すると元経産官僚の宇佐美典也氏が「僕はネット界で"NewsPicks嫌い"で有名だ。嫌いなメディアナンバーワンだ」と口火を切り、「ウツワ」代表のハヤカワ五味氏も「私もそうで、バトった」と厳しい口調で批判を始めた。(文中敬称略。)
宇佐美:僕はNewsPicksがどういうモデルか人に説明するとき、"デパ地下"で例える。試供品を食べもらって、店にあるものを買ってくださいねと。そういうことを狙って、記事の冒頭部分は見せていいですよということにしているが、NewsPicksは試供品をたくさん集めて品評会をしているようなもので、記事を提供したメディアには全然人が来ない。僕はいくつかのメディアの運営に関わっているが、NewsPicksからのアクセス数は同様のサービスからのアクセス数の5分の1~7分の1くらい。なぜかというと文章を書いた人やクリエイターに対する敬意がなく、一緒に成長していこうという気がないからだ。ただ乗りをされ、試供品の品評会を楽しんでいるから本当に嫌だ。そういう人はたくさんいると思う。
5年くらい前、NewsPicksが主催している会で「ブロガー界隈からものすごく評判が悪いので、大事にしてくれ」と言ったが、やはり全く見返りがない。NewsPicksは記事を提供している人たちとどういう風に成長していこうと考えているのか。それを知りたい。
ハヤカワ:私がNewsPicksと揉めたのは、言ってもいないことをタイトルにされたから。新聞的なスタンスなので、チェックはなしだという話だったが、新聞だったら基本的な事実確認があるはず。ジャーナリズムとしても間違っているし、エンタメとしてもマナーがなっていない。どっちのスタンスなのか。

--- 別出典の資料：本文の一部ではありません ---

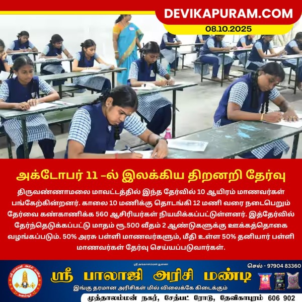 திருவண்ணாமலை மாவட்டத்தில் இந்த தேர்வில் 10 ஆயிரம் மாணவர்கள் பங்கேற்கின்றனர். காலை 10 மணிக்கு தொடங்கி 12 மணி வரை…
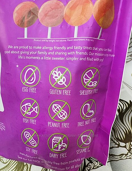 Льодяники від YumEarth можуть вживатися веганами, оскільки не містять продуктів тваринного походження, у тому числі молока та яєць. Це ідеальні ласощі і для алергіків, тому що серед компонентів органічних цукерок немає горіхів, сої, арахісу. Відсутня у списку інгредієнтів даного продукту та кукурудзяний сироп, насичений фруктозою.
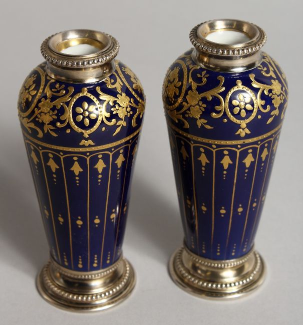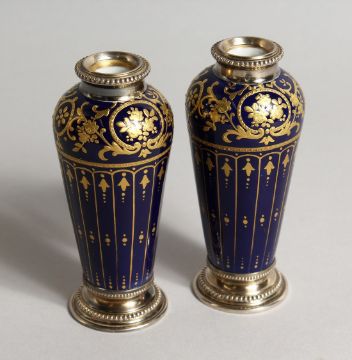 A SUPERB SMALL PAIR OF LIMOGES GILT DECORATED AND SILVER VASES.
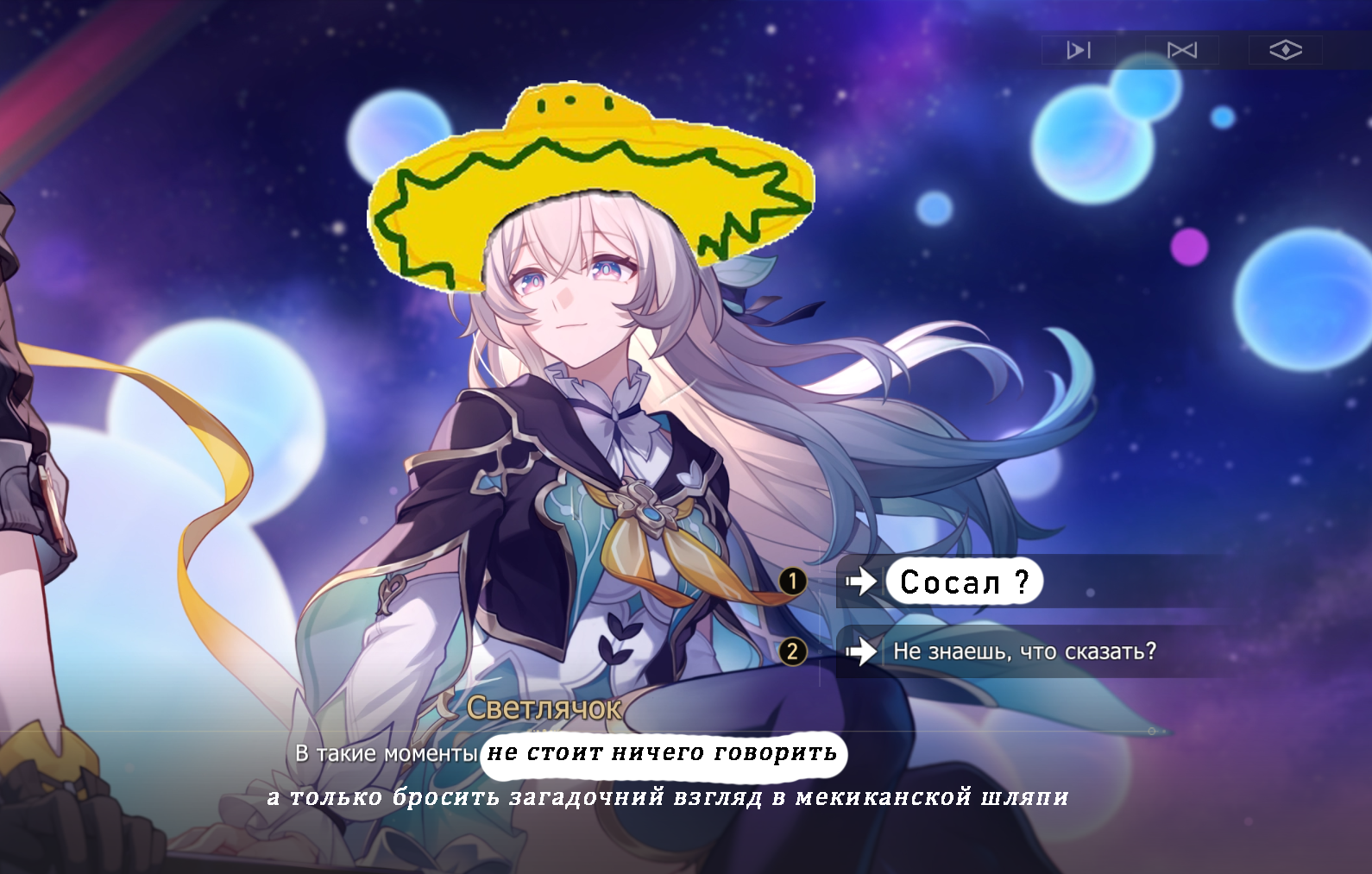 Ничё, попразднуйшь. У нас Светлячок навсегда. Рыночек порешал. Ты БУДЕШЬ проходить сюжетку Светлячка. Ты БУДЕШЬ смотреть как на нее релизят скины Ты БУДЕШЬ читать Новый годноуты и видеть ее баффы Ты БУДЕШЬ тратить своё время на Светлячка. У тебя не будет НИЧЕГО, кроме Светлячка и ты БУДЕШЬ счастлив
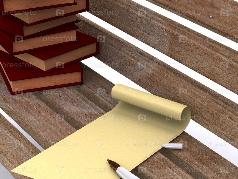 Стопка книг и бумажный свиток на скамейке
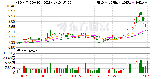 然而,随着重整投资人阵容及具体方案细节在11月15日、17日陆续公布,市场情绪出现明显逆转。11月17日、18日,*ST张股连续两日盘中跌停;至11月19日收盘报8.39元/股,单日下跌3.34%。
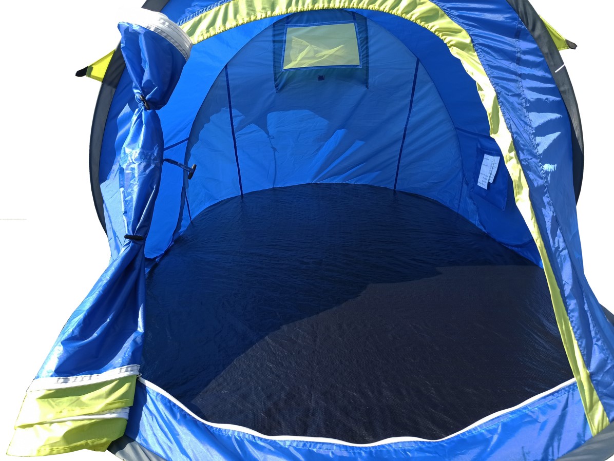 Jednoplášťový tunel má přední vchod na zip. Zpevněné švy brání proniknutí vody do vnitřního prostoru stanu. Pokud budete chtít stan rozložit a sbalit na cestu, provádějte demontáž podle návodu, aby nedošlo k poškození sklolaminátových prutů.
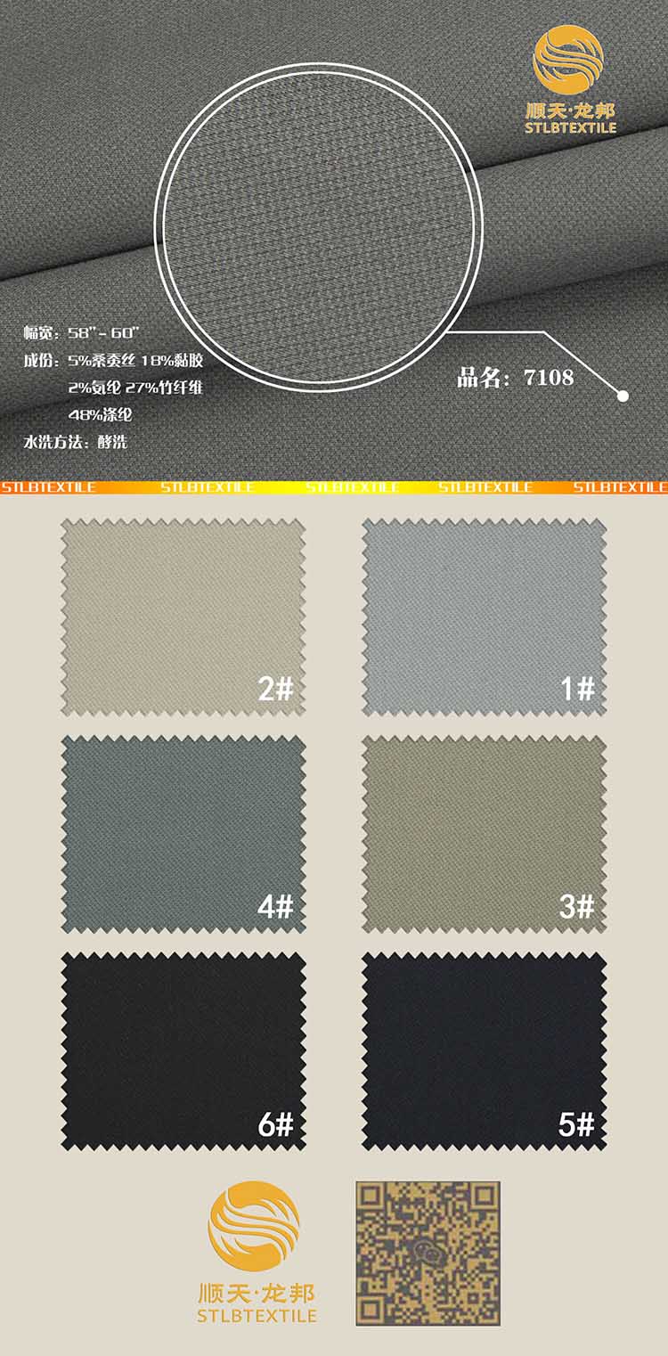 Composition:27% bamboo,48% polyester,2% spandex,18% viscose,5% mulberry silk
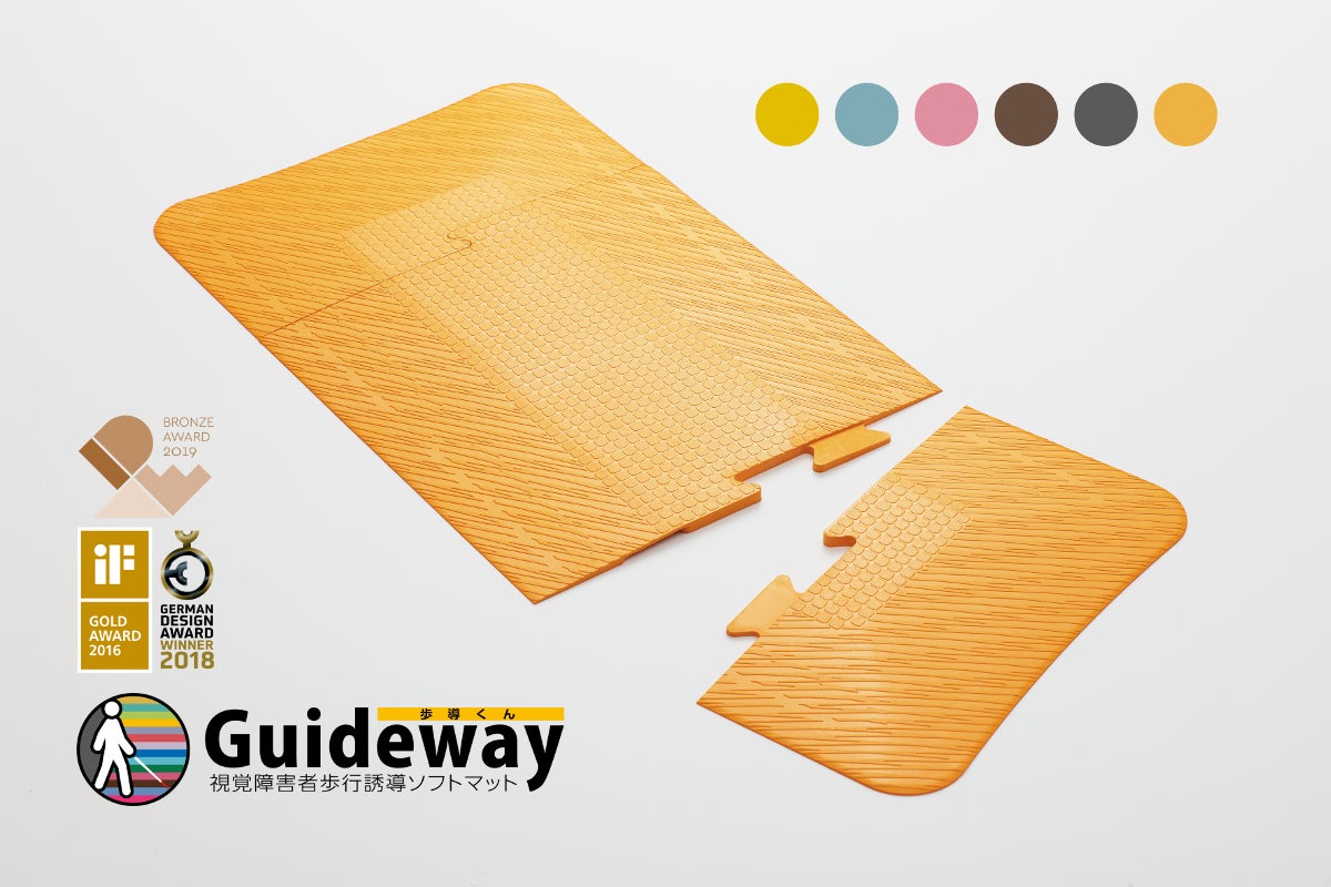 また従来の点字ブロックと違って、表面のでこぼこがなく、車椅子やベビーカーなども通りやくなっています。視覚障害のある方は、でこぼこがなくても、足裏の感触や白杖の音の違い、また弱視の場合は、床の色とマットの色の違いで、進む方向が分かるとのこと。ちなみにマットの色は黄色、茶色など6種類から選べます。既にシリーズ累計で、日本国内1200ヶ所以上に導入されたそうです。

氏家夏彦(元TBSメディア総研社長):私はNewsPicksのプロピッカーをやらせてもらっている。2人の話は、記事のクリエイター側から見たNewsPicks像の話。一方でユーザーから見たNewsPicks像というのもあって、それはまた違う姿に見える。記事の読み方みたいなのが見えてくるのがNewsPicksのいいところ。例えばストレートニュースをどう受け止めて、解釈したらいいか分からないものが結構ある。それに対して詳しい人が「それってこういう意味ですよね」「実はこう書いてあるけど裏はこうなんですよ」とコメントをつけてくれる。僕はメディア担当のプロピッカーとして、メディア系の記事には自分なりのコメントを書くようにしている。僕自身、書いていて勉強になるし、コメントを見ていてもすごく勉強になる。行き過ぎたコメントも中にはあるが、そういうのはどんどん表示させないようにしていけば、かなり質は良くなる。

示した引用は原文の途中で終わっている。